Oracle, from the top down, has always been thought of as a take-no-prisoners marketing organization. Feisty, aggressive, even combative – and often tone-deaf when it comes to PR messages. But last week, they made an unexpected decision to waive extended support fees for a series of their products (official release here.) Against the backdrop of a raging software industry debate over maintenance costs, this was a sweet and pleasing note to Oracle’s customers, and stands in stark contrast to, say, SAP’s ongoing battle to defend its price hike for maintenance.
Ray Wang, who has been a passionate advocate for rethinking the value of software maintenance, offers a thoughtful look at the announcement and some of the issues it raises here. Cynics may point to the delays in some of the products’ upgrade or integration schedules, but the fact is, there is nothing unusual about delays in the software industry. What is unusual is that Oracle confronted it, and chose to do something visibly helpful to its customers.

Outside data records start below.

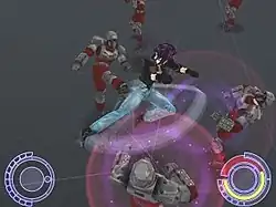 Oni is a third-person action video game developed by Bungie West, a division of Bungie. It was originally released by Gathering of Developers for Microsoft Windows and Mac OS in 2001; a PlayStation 2 port developed by Rockstar Canada was released the same year. It was Bungie West's only game. Its gameplay consists of third-person shooting with hand-to-hand combat, with a focus on the latter. The game's style was largely inspired by Ghost in the Shell and Akira and shares the same genre, being set in a cyberpunk world.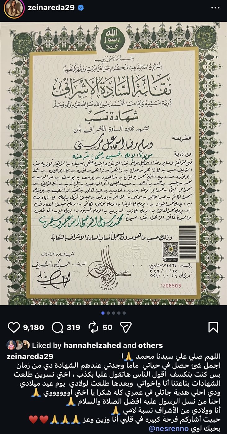 كما شاركت زينة عبر حسابها الرسمي على موقع إنستجرام صورًا من الشهادات التي تُثبت نسبها إلى الرسول صلى الله عليه وسلم، وعلّقت قائلة:“اللهم صلي على سيدنا محمد.. أجمل شيء حصل في حياتي، ماما وجدتي عندهم الشهادة دي من زمان، بس كنت بتكسف أقول والناس هتقول عليا بكذب، أختي نسرين طلعت الشهادات بتاعتنا أنا وإخواتي، وبعدها طلعت لأولادي يوم عيد ميلادي، ودي أحلى هدية جاتلي في عمري كله.. شكرًا يا أختي أوي”.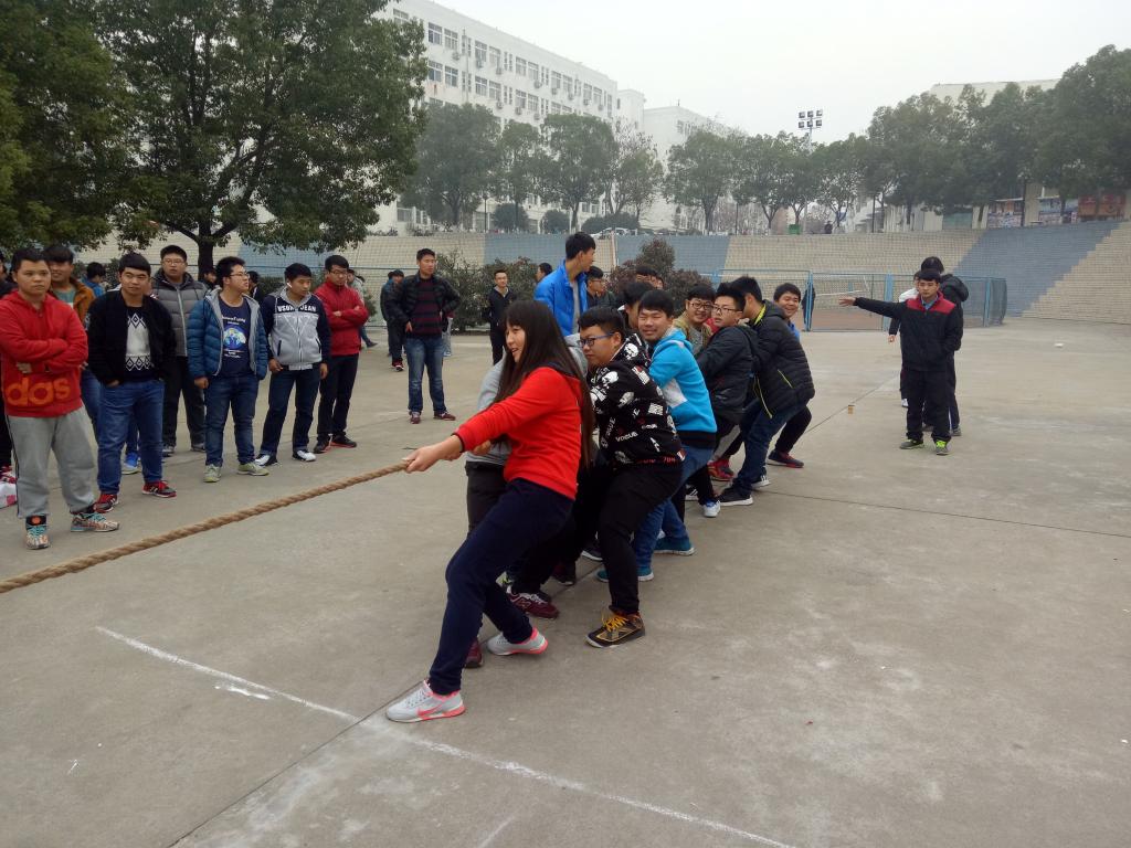 天气微凉,然而同学们的热情高涨,参赛队员都认真的进行赛前热身。比赛还未开始时,双方队员即进入“战斗”状态,双手紧握麻绳,双脚用力着地,身体微向后倾——参赛队员齐心协力凝成了一股绳!周围的同学们用他们的加油声点燃了选手们的激情,比赛十分激烈。在一轮轮的比拼后,建工二班荣获第一名、给排水班荣获第二名。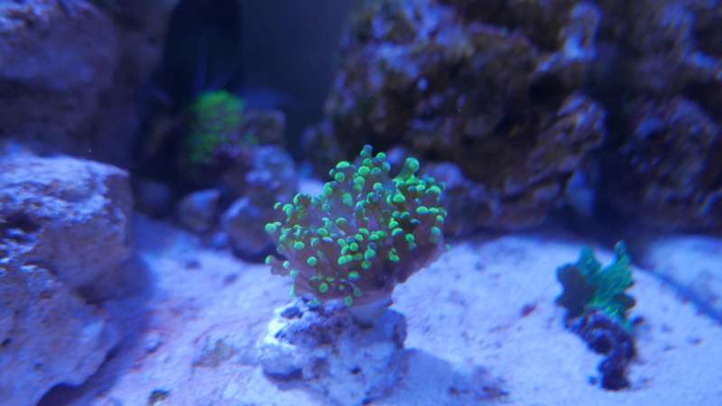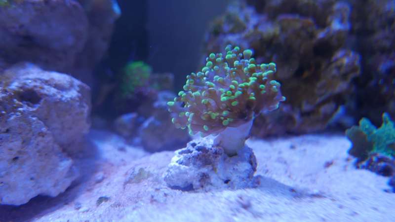Har lige købt en koral og vil gerne vide, hvis i tænker at der er blegning på den? Eller ser det bare at farvene er gode? Jeg er bare lidt bekymret over at armene kan ses igennem. Hvis det er blegning, hvad kan jeg gøre? Jeg havde den næsten øverst i akvariet og nu flyttede jeg den til bunden. Lys er AI Prime, 80% blå farver og 30% rød, grøn osv.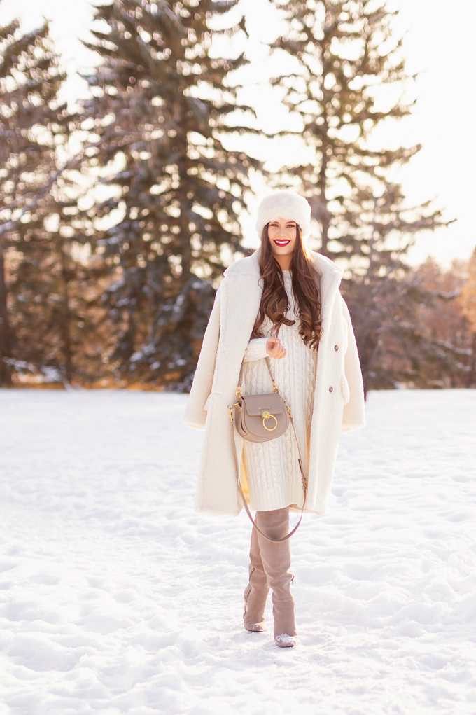Combinația clasică alb-negru este înca în trend în iarna aceasta. Unei rochii negre i se potrivește de minune un mantou alb buclat.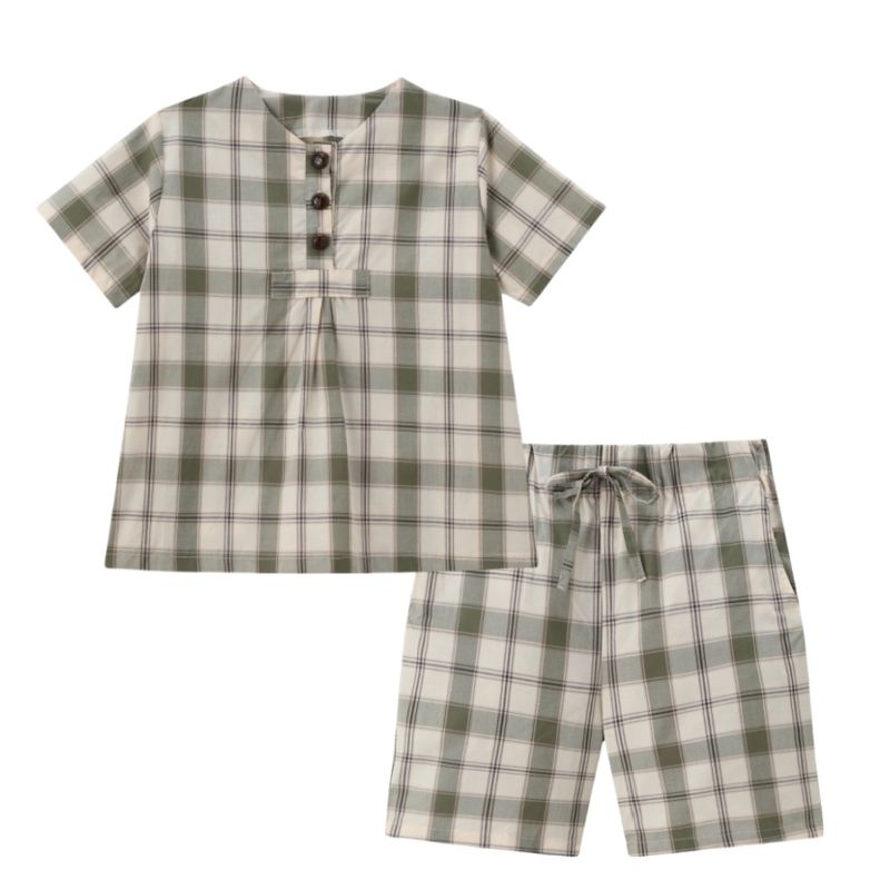 Clearance sale 2025 AS summer green grid & pink Floral collection brother sister family matching 100% cotton boys girls clothing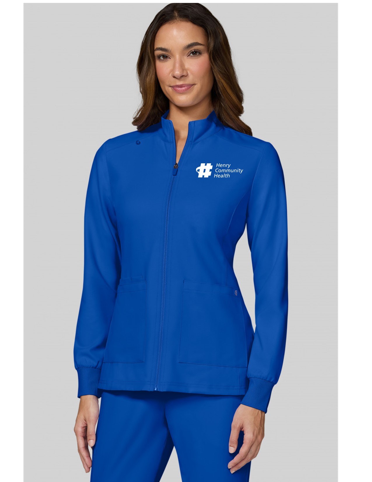 Warm up in this stylish, modern, super comfy women’s jacket. Contemporary fit. Zipper front, 2 front pockets, 3 pen slots, Ribbed cuffs at sleeves, Length Size Small: 30 1/4″, 100% polyester stretch twill, Cureology Geneses Women’s 2-Pocket Jacket

And yes, there’s a little cynic in me too – I can’t help but observe that as SAP’s customers are assembling in Orlando for Sapphire, their biggest gathering of the year, Oracle has grabbed a little press about this. SAP’s news, by contrast, has been about making commitments to SAP User Group Executive Network (Sugen), a global federation of 12 key SAP user groups, about how SAP will be required to meet key performance indicators before it can execute on a planned raising of its maintenance costs to 22%. A quick scan of press coverage shows journalists painting this as a reluctant move, even a defeat, for SAP. And Rimini Street has promptly moved to add SAP support – at lower prices, of course – to its offerings.
Coverage of Oracle’s move, by contrast, features headlines about “giving customers a break,” although cooler heads are beginning to prevail and drill in deeper. Nonetheless, one has to ask: who’s tone deaf now?